Stockbridge Updates completes its second year of publication
Community
There is an old story much loved and repeated. It is about a Stockbridge woman who walked over to her friend’s house one morning and arrived fully flummoxed.
“My dear, what is the matter?” her friend asked.
The woman explained, “I saw a person walking on Main Street that I did not know!”
True or apocryphal, those days are over. As Stockbridge grows and changes, we don’t know every face on Main Street. Yet, no matter how much our population or economic base changes, we want a strong community — as it once was — as it might be again. A local newspaper is one way to achieve that, and now we are two.
Informed Electorate
It was a January afternoon in 2020. There were about a dozen people sitting around my living room. I was trying to sketch out the reasons to create a Stockbridge newspaper. There were two: a strong community and an informed electorate.
By 2020, I had attended 40 Town Meetings, maybe more. One thing never changed: at times folks were hearing about an issue for the first time just minutes before they were asked to vote.

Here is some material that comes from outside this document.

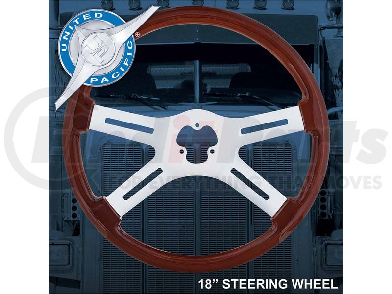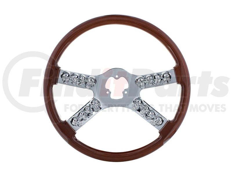 United Pacific 88174 - Steering Wheel - 18", Chrome, with Skull Accent, Wood

A local, very local newspaper could inform the townsfolk about the issues long before Town meeting, and now we are two.
Then and Now
The second-ever newspaper in Berkshire County was the Western Star; published in Stockbridge in 1794. SU does not face two problems that early newspapers did. The Reverend Orville Dewey wrote about “an abominable smell caused by something in the manufacture.” Although a sober and religious man, Dewey wrote, “Gentlemen, it is a stink.”

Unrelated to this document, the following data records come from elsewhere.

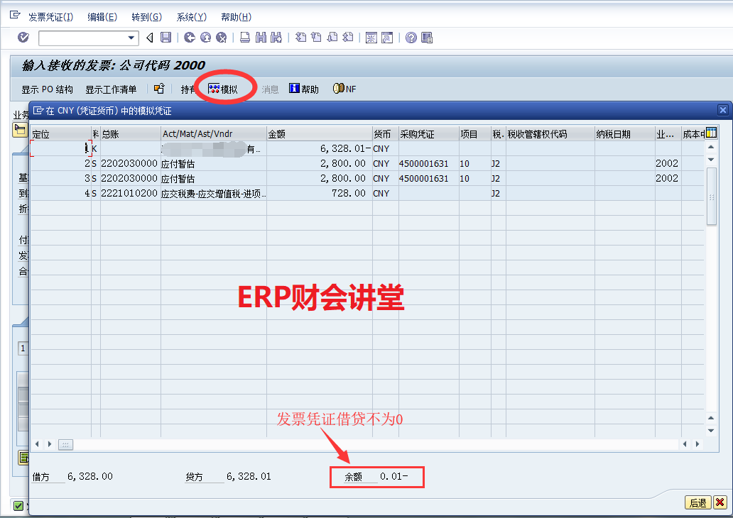 上圖錯誤原因為發票的借/貸余額不為0,系統沒有找到記錄差異的科目。更改發票金額使借/貸余額相等,再次模擬,“消息”處不再提示錯誤。
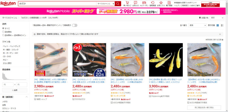 オークションサイト程ではありませんがECサイトの中のショップにも当たり外れはあるので、まずはどのショップからめだかを買うかを決めて、その中からほしいめだかを探すようにしましょう。
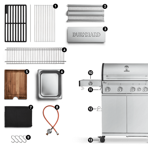 1. רשתות (ברזל או נירוסטה) | 2. מגיני מבערים | 3. תיבת עישון | 4. רשת חימום עליונה | 5. קרש חיתוך (עץ שיטה) | 6. מיכל לבשרים | 7. כיסוי חוץ עמיד | 8. צינור (ללא וסת) | 9. קרסי תלייה | 10. כירת צד | 11. פותחן בירות | 12. מחזיק מגבות נייר | 13. גלגלים עמידים
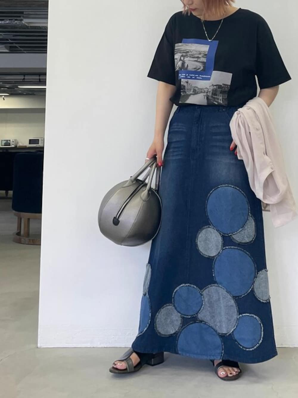 osharewalker staff(osharewalker ZOZO店)のデニムスカート「【廃盤】『ドットパッチワークデニムスカート』」を使ったコーディネート

Another reader complained about the ink coming off on his fingers as he turned the pages. Whatever else SU may face going forward, a digital newspaper avoids both those old-time inconveniences, and now we are two.

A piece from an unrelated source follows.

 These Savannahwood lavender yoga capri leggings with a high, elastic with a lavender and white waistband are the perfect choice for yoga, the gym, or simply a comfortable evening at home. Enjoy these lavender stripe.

Stockbridge Updates has grown, hopefully, because we give the public what it wants. They want to know what’s going on, and what our elected, appointed, and paid officials are up to. They want a place to voice opinions and concerns. They want to see a nice-looking issue. Thanks to talented photographers and the beauty of our village, SU is lookin’ good.
The first issue appeared in August 2020, eight months after that January meeting, and now we are two. Thank you.